WHAT IS NEEDED
Please transcribe the listing below in full, exactly as written, leaving out its pictures.

DATA SUPPLIED

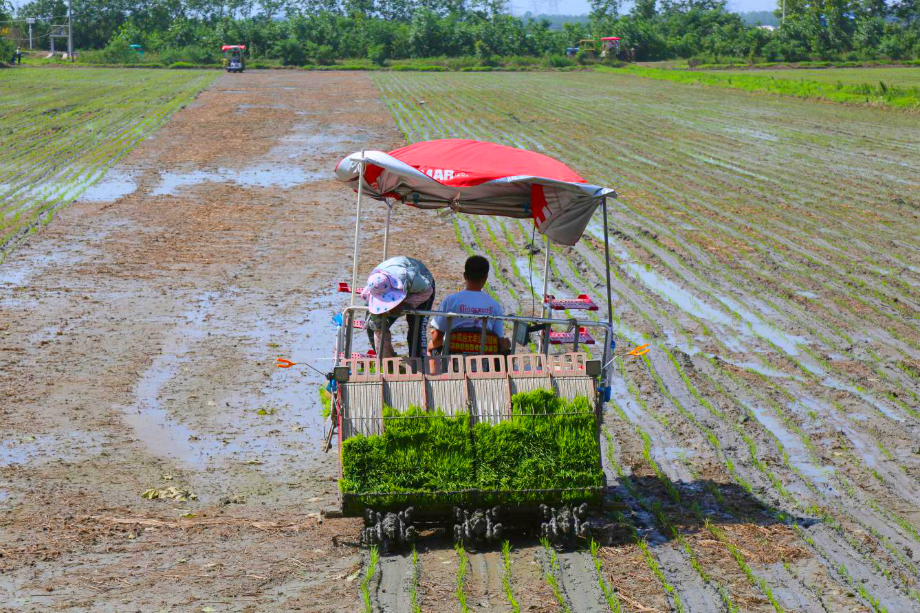“安装了这套系统,大大减少了重插漏插,节省了秧苗和用工成本。”农场农业技术人员樊孟中介绍道。今年,为提升现代化水平和节本增效,淮南农场新购置并投入使用了5台搭载自驾辅助系统的洋马高速插秧机和1台久富覆膜高速插秧机。当前,全场4890亩机插秧任务已完成75%,预计21日全部完成。智能插秧机通过精准路径规划和自动化控制,显著提升了作业效率。经测算,其每小时作业面积较常规插秧机平均提升1-2亩,整体作业效率提高30%-40%,预计每亩可降低综合成本约20元。
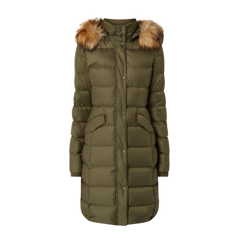Płaszcz puchowy damski MARC O'POLO , Mieszanka materiałów z dodatkiem wełny i streczu , Taliowany krój, Stójka i kaptur z odpinanym obszyciem ze sztucznego futra , Kryty zamek błyskawiczny z plisą zapinaną na zatrzaski , Dodatkowe mankiety , Kieszenie z patką zapinane na zatrzask , Pikowanie , Wypełnienie puchem i pierzem , Długość tyłu w rozmiarze 36: 94 cm, Szerokość ramion w rozmiarze 36: 39 cm, Długość rękawa w rozmiarze 36: 64 cm
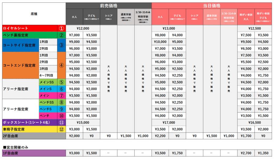 ・他の席種へのランクアップはできません。
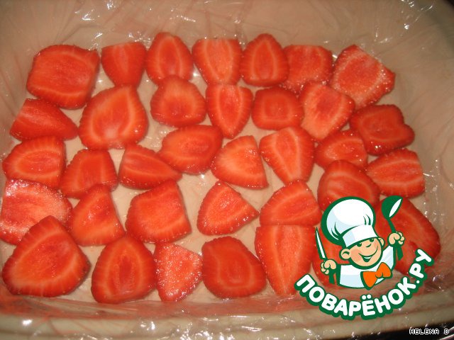 Выстилаем пищевой плёнкой блюдо и выкладываем дно порезанной пополам клубникой.
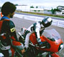 | 第一ライダーは本田さん。ルマン式にスタート。合図と同時にバイクに駆け寄り、エンジンを始動して走り出す。 上手くスタートして、どうやら順位を上げたようだ。 順調に周回を重ねて、森さんと交代。一人20分ずつ2度走るローテイションである。 しかし、前に間瀬で起こったフロントブレイキのトラブルが発生。急にブレイキストロウクが伸びて、二度引きをしないと効かなくなるのである。僕も、その症状が最初に起こったとき、バックストレイトエンドで大丈夫だったから安心していたところ、その次の右コーナーでいきなりノーブレイキ状態。慌てて、3度ほどレヴァを握り直すと、やっとブレイキが掛かった。もう少しで、コースアウトであった。 以後は、コーナー手前から軽くレヴァを引いて、圧力を確認しながら走った。これが無ければ、きっとあと1-1.5秒らいはタイムが縮められたに違いない(僕のベストタイムは、1分15秒144だった)。 来年に期待しよう。 |
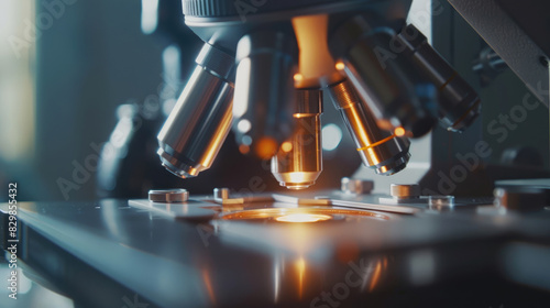 The watermark will not be included on Wall mural.: Close-up view of laboratory microscope with scientific instruments
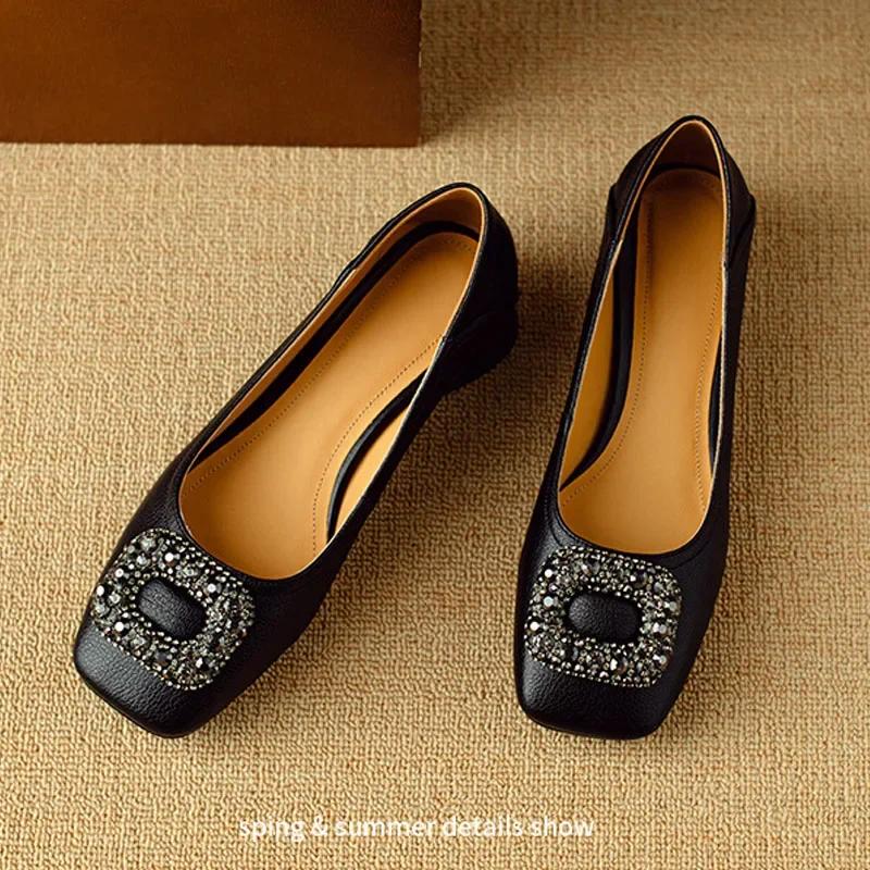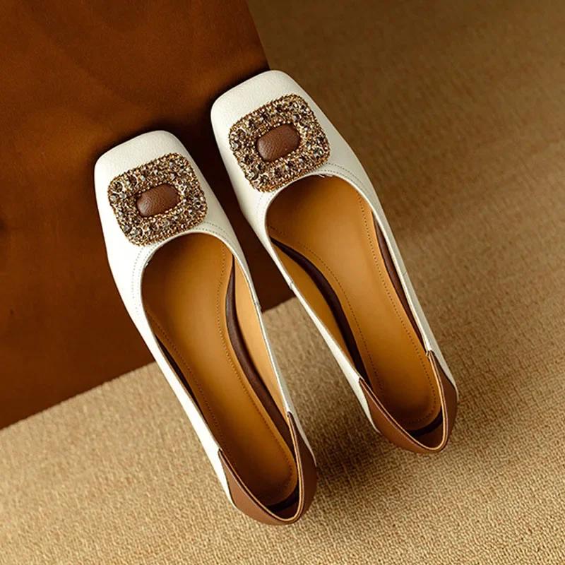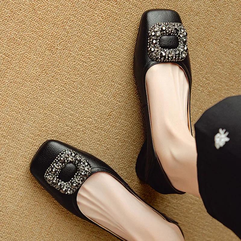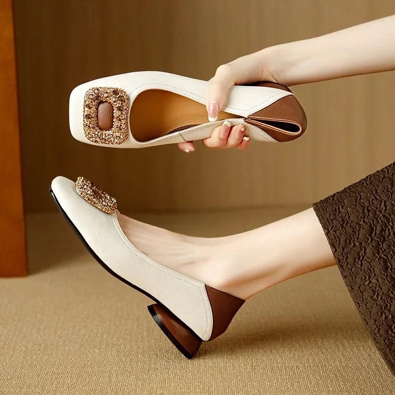 Новые женские туфли на каблуках, модные туфли со стразами и квадратными пряжками, туфли на каблуках из мягкой кожи, женские рабочие туфли, удобные туфли-лодочки с низким каблуком и квадратным носком
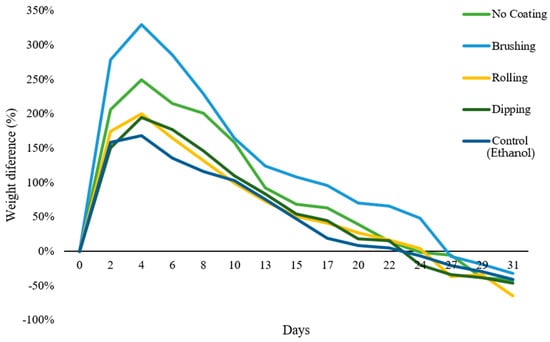 Over the initial 72–96 h, the absorption of water occurred at different rates. In addition, the application of the cutin surface treatment did not significantly impact the overall time of bioplastic biodegradation. All of the bioplastics, with or without cutin coating, started to degrade after 96 h (day four) and weight loss (relative to original weight) occurred between days twenty-two and twenty-seven. There was no statistically significant difference between all treatments, and on the first day, a decrease in weight was noted for each treatment; the p value = 0.88 at a 95% confidence level. Moreover, all bioplastics were physically too small to retrieve after thirty days or less of burial. There was no statistically significant difference in weight loss between any of the treatments after 31 days of the test; the p value = 0.21 at a 95% confidence level. This degradation time is very promising for home composting bioplastics, which are expected to be visually degraded within ninety days (Neves et al., 2020) [].
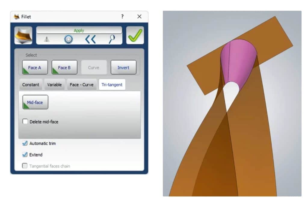 Dzięki hyperMILL® można teraz tworzyć płynne zaokrąglenia między trzema sąsiadującymi powierzchniami, zachowując pełną ciągłość. Funkcja ta pozwala zaoszczędzić cenny czas podczas modelowania złożonych geometrii, takich jak łopatki turbin, zapewniając jednocześnie najwyższą precyzję i jakość modeli.
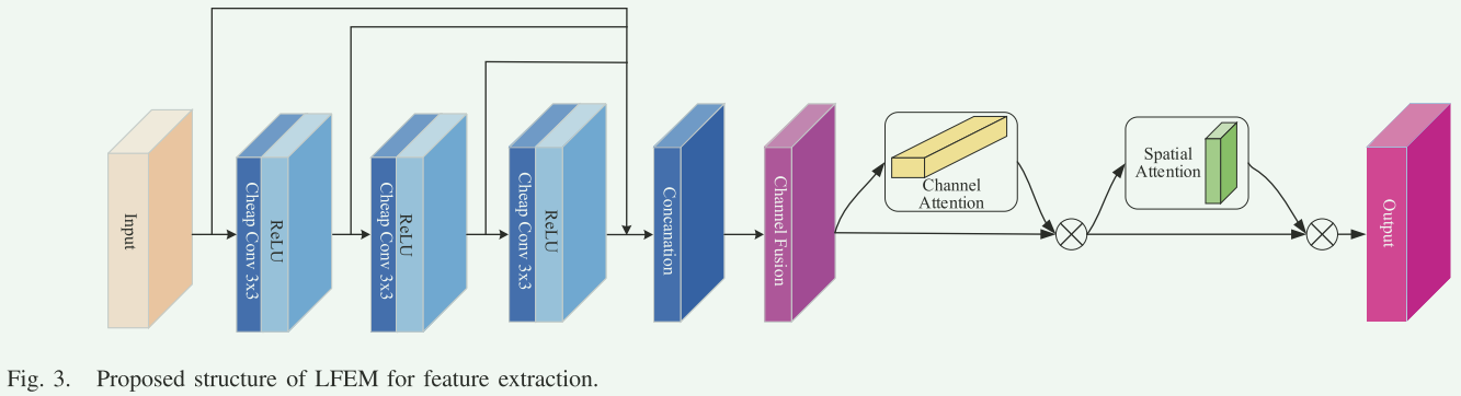 在所提出的 LFEM 中,由于以下三重优点,采用了三个尺寸为 3 × 3 的奇数小卷积核。 首先,奇数卷积核可以在保留中心像素的同时提取中心周围像素的特征,从而增强了图像的空间相关性。 其次,较小的卷积核可以通过多层叠加获得较大的感受野,同时需要较少的参数和较低的计算占用。 第三,使用多个小卷积核代替大卷积核可以给网络产生更多的非线性激活层,增强非线性表达能力,进一步获得更好的学习特征。
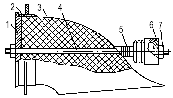 Рис. 36. Схема приспособления для установки корпуса дейдвудного подшипника. 1 — диск, центрирующий гребной вал в статоре; 2 — статор; 3 — болван водозаборника; 4 — фальшвал; 5 — корпус дейдвудного подшипника; 6 — диск, центрирующий вал в корпусе 5; 7— гайка М20.
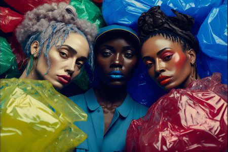 Group of three african american women with plastic bags. Beauty, fashion. Plastic waste fashion, recycling, upcycling, models dressed in upcycled fashion.
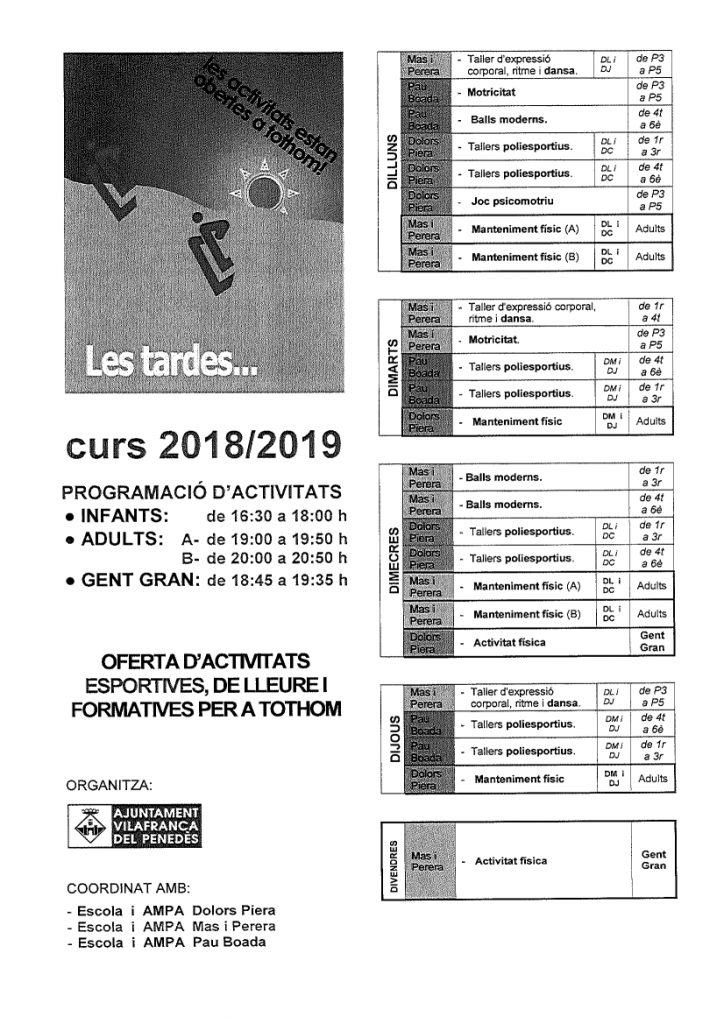 Les tardes… Curs 2018-2019 Llegeix més »
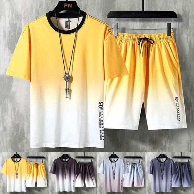 Tシャツ パンツメンズ 2点セット 半袖 丸首 グラデーション シンプル メンズTシャツ ゆったり 上下着 半袖Tシャツ 大きいサイズ 4色選ぶ
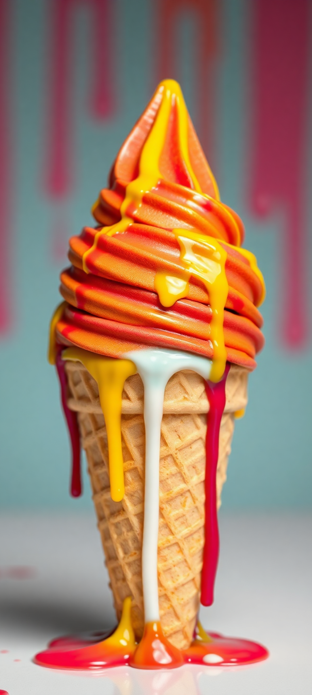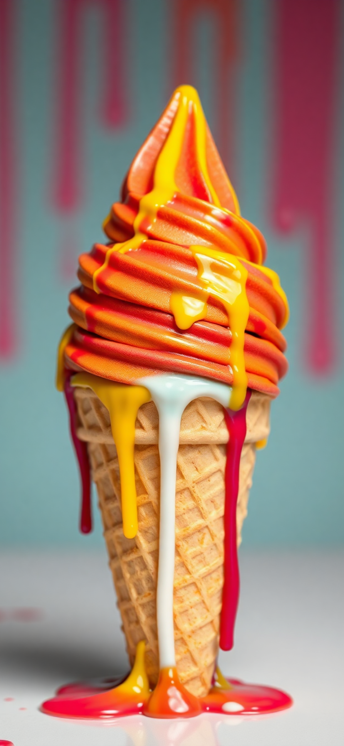 Ice Cream Cone Melting Summer Photorealistic Wallpaper
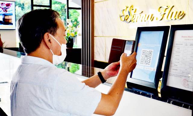 Kiểm tra quét mã QR tại một khách sạn ở Huế
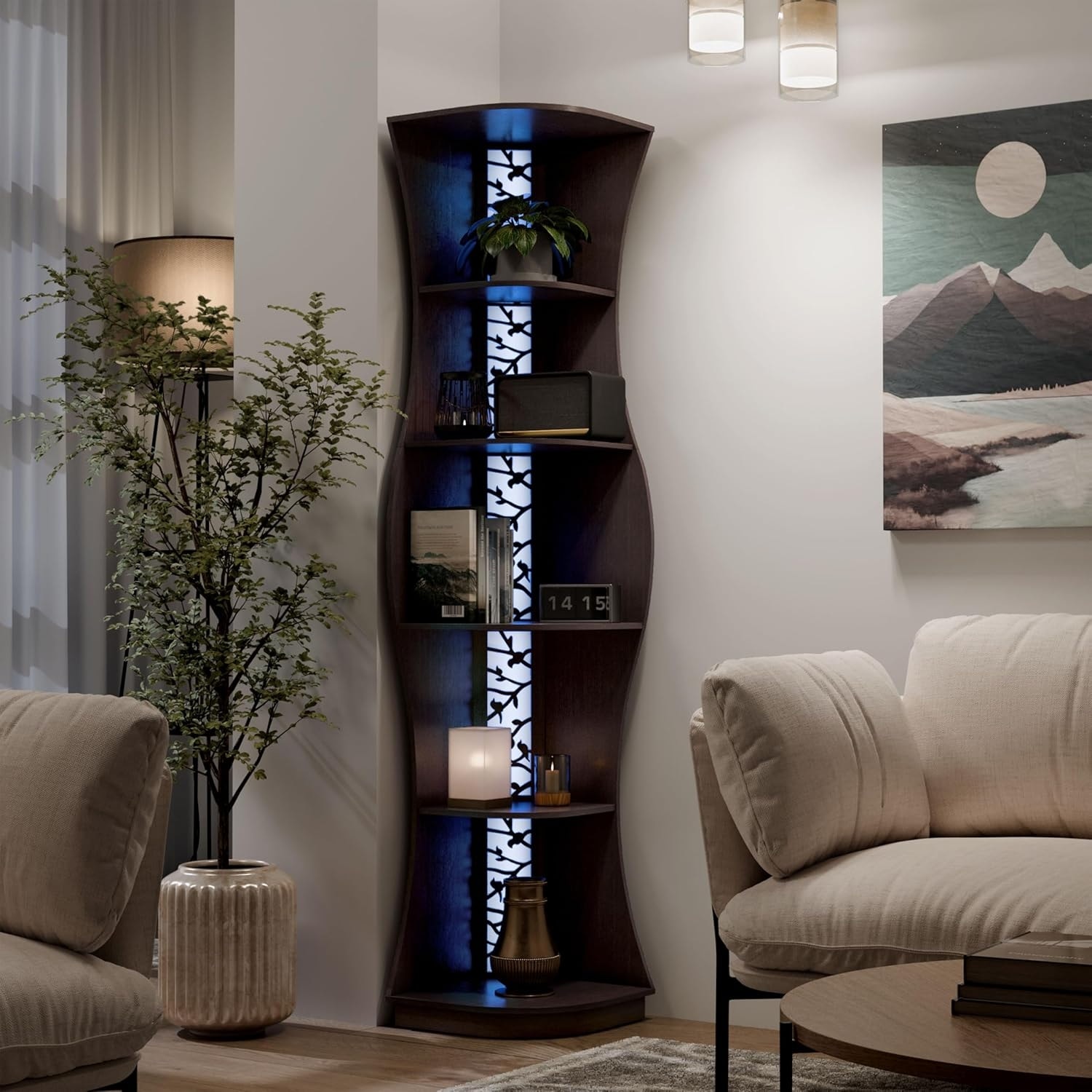 5 Shelf LED Bookcase with Remote, Cappuccino
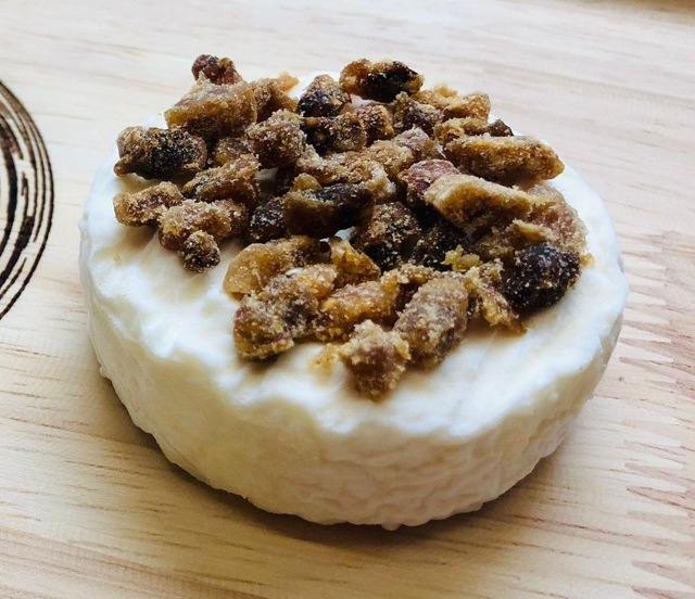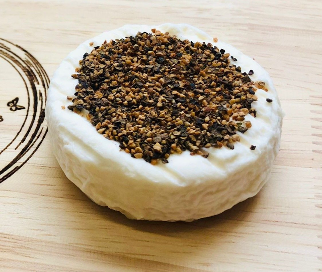 Vachous aromatisés* au lait cru de vache, se présente sous la forme d'un "cabécou" d'environ 50g (poids variable suivant l'affinage).
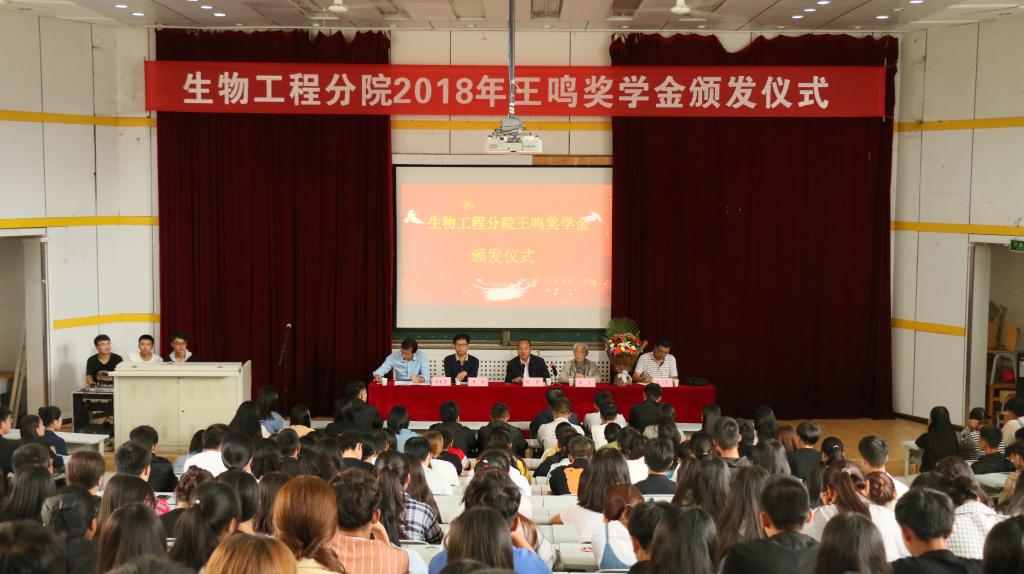 2018年9月20日下午,beat365西校区台阶教室里温馨四溢、暖意融融,以慈善明星王鸣教授命名的王鸣奖学金颁发仪式在这里隆重举行。出席本次颁奖仪式的领导有:杨凌职业技术学院党委书记赵曼、王鸣教授、生物工程分院负责人。学生300余学生代表参加会议。
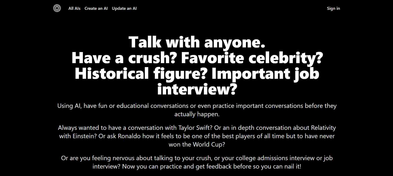 PracticeTalking is an AI-powered tool designed to help users have fun, educational, or practice conversations. It allows users to simulate interactions with famous personalities, like Taylor Swift or Einstein, as well as prepare for important real-life conversations, such as job interviews or talking to a crush. The platform offers pre-trained AI models and the ability to create and share custom AIs with the community.

COMPLETED EXERCISE
“安装了这套系统,大大减少了重插漏插,节省了秧苗和用工成本。”农场农业技术人员樊孟中介绍道。今年,为提升现代化水平和节本增效,淮南农场新购置并投入使用了5台搭载自驾辅助系统的洋马高速插秧机和1台久富覆膜高速插秧机。当前,全场4890亩机插秧任务已完成75%,预计21日全部完成。智能插秧机通过精准路径规划和自动化控制,显著提升了作业效率。经测算,其每小时作业面积较常规插秧机平均提升1-2亩,整体作业效率提高30%-40%,预计每亩可降低综合成本约20元。
Płaszcz puchowy damski MARC O'POLO , Mieszanka materiałów z dodatkiem wełny i streczu , Taliowany krój, Stójka i kaptur z odpinanym obszyciem ze sztucznego futra , Kryty zamek błyskawiczny z plisą zapinaną na zatrzaski , Dodatkowe mankiety , Kieszenie z patką zapinane na zatrzask , Pikowanie , Wypełnienie puchem i pierzem , Długość tyłu w rozmiarze 36: 94 cm, Szerokość ramion w rozmiarze 36: 39 cm, Długość rękawa w rozmiarze 36: 64 cm
 ・他の席種へのランクアップはできません。
 Выстилаем пищевой плёнкой блюдо и выкладываем дно порезанной пополам клубникой.
 | 第一ライダーは本田さん。ルマン式にスタート。合図と同時にバイクに駆け寄り、エンジンを始動して走り出す。 上手くスタートして、どうやら順位を上げたようだ。 順調に周回を重ねて、森さんと交代。一人20分ずつ2度走るローテイションである。 しかし、前に間瀬で起こったフロントブレイキのトラブルが発生。急にブレイキストロウクが伸びて、二度引きをしないと効かなくなるのである。僕も、その症状が最初に起こったとき、バックストレイトエンドで大丈夫だったから安心していたところ、その次の右コーナーでいきなりノーブレイキ状態。慌てて、3度ほどレヴァを握り直すと、やっとブレイキが掛かった。もう少しで、コースアウトであった。 以後は、コーナー手前から軽くレヴァを引いて、圧力を確認しながら走った。これが無ければ、きっとあと1-1.5秒らいはタイムが縮められたに違いない(僕のベストタイムは、1分15秒144だった)。 来年に期待しよう。 |
 The watermark will not be included on Wall mural.: Close-up view of laboratory microscope with scientific instruments
 Новые женские туфли на каблуках, модные туфли со стразами и квадратными пряжками, туфли на каблуках из мягкой кожи, женские рабочие туфли, удобные туфли-лодочки с низким каблуком и квадратным носком
 Over the initial 72–96 h, the absorption of water occurred at different rates. In addition, the application of the cutin surface treatment did not significantly impact the overall time of bioplastic biodegradation. All of the bioplastics, with or without cutin coating, started to degrade after 96 h (day four) and weight loss (relative to original weight) occurred between days twenty-two and twenty-seven. There was no statistically significant difference between all treatments, and on the first day, a decrease in weight was noted for each treatment; the p value = 0.88 at a 95% confidence level. Moreover, all bioplastics were physically too small to retrieve after thirty days or less of burial. There was no statistically significant difference in weight loss between any of the treatments after 31 days of the test; the p value = 0.21 at a 95% confidence level. This degradation time is very promising for home composting bioplastics, which are expected to be visually degraded within ninety days (Neves et al., 2020) [].
 Dzięki hyperMILL® można teraz tworzyć płynne zaokrąglenia między trzema sąsiadującymi powierzchniami, zachowując pełną ciągłość. Funkcja ta pozwala zaoszczędzić cenny czas podczas modelowania złożonych geometrii, takich jak łopatki turbin, zapewniając jednocześnie najwyższą precyzję i jakość modeli.
 在所提出的 LFEM 中,由于以下三重优点,采用了三个尺寸为 3 × 3 的奇数小卷积核。 首先,奇数卷积核可以在保留中心像素的同时提取中心周围像素的特征,从而增强了图像的空间相关性。 其次,较小的卷积核可以通过多层叠加获得较大的感受野,同时需要较少的参数和较低的计算占用。 第三,使用多个小卷积核代替大卷积核可以给网络产生更多的非线性激活层,增强非线性表达能力,进一步获得更好的学习特征。
 Рис. 36. Схема приспособления для установки корпуса дейдвудного подшипника. 1 — диск, центрирующий гребной вал в статоре; 2 — статор; 3 — болван водозаборника; 4 — фальшвал; 5 — корпус дейдвудного подшипника; 6 — диск, центрирующий вал в корпусе 5; 7— гайка М20.
 Group of three african american women with plastic bags. Beauty, fashion. Plastic waste fashion, recycling, upcycling, models dressed in upcycled fashion.
 Les tardes… Curs 2018-2019 Llegeix més »
 Tシャツ パンツメンズ 2点セット 半袖 丸首 グラデーション シンプル メンズTシャツ ゆったり 上下着 半袖Tシャツ 大きいサイズ 4色選ぶ
 Ice Cream Cone Melting Summer Photorealistic Wallpaper
 Kiểm tra quét mã QR tại một khách sạn ở Huế
 5 Shelf LED Bookcase with Remote, Cappuccino
 Vachous aromatisés* au lait cru de vache, se présente sous la forme d'un "cabécou" d'environ 50g (poids variable suivant l'affinage).
 2018年9月20日下午,beat365西校区台阶教室里温馨四溢、暖意融融,以慈善明星王鸣教授命名的王鸣奖学金颁发仪式在这里隆重举行。出席本次颁奖仪式的领导有:杨凌职业技术学院党委书记赵曼、王鸣教授、生物工程分院负责人。学生300余学生代表参加会议。
 PracticeTalking is an AI-powered tool designed to help users have fun, educational, or practice conversations. It allows users to simulate interactions with famous personalities, like Taylor Swift or Einstein, as well as prepare for important real-life conversations, such as job interviews or talking to a crush. The platform offers pre-trained AI models and the ability to create and share custom AIs with the community.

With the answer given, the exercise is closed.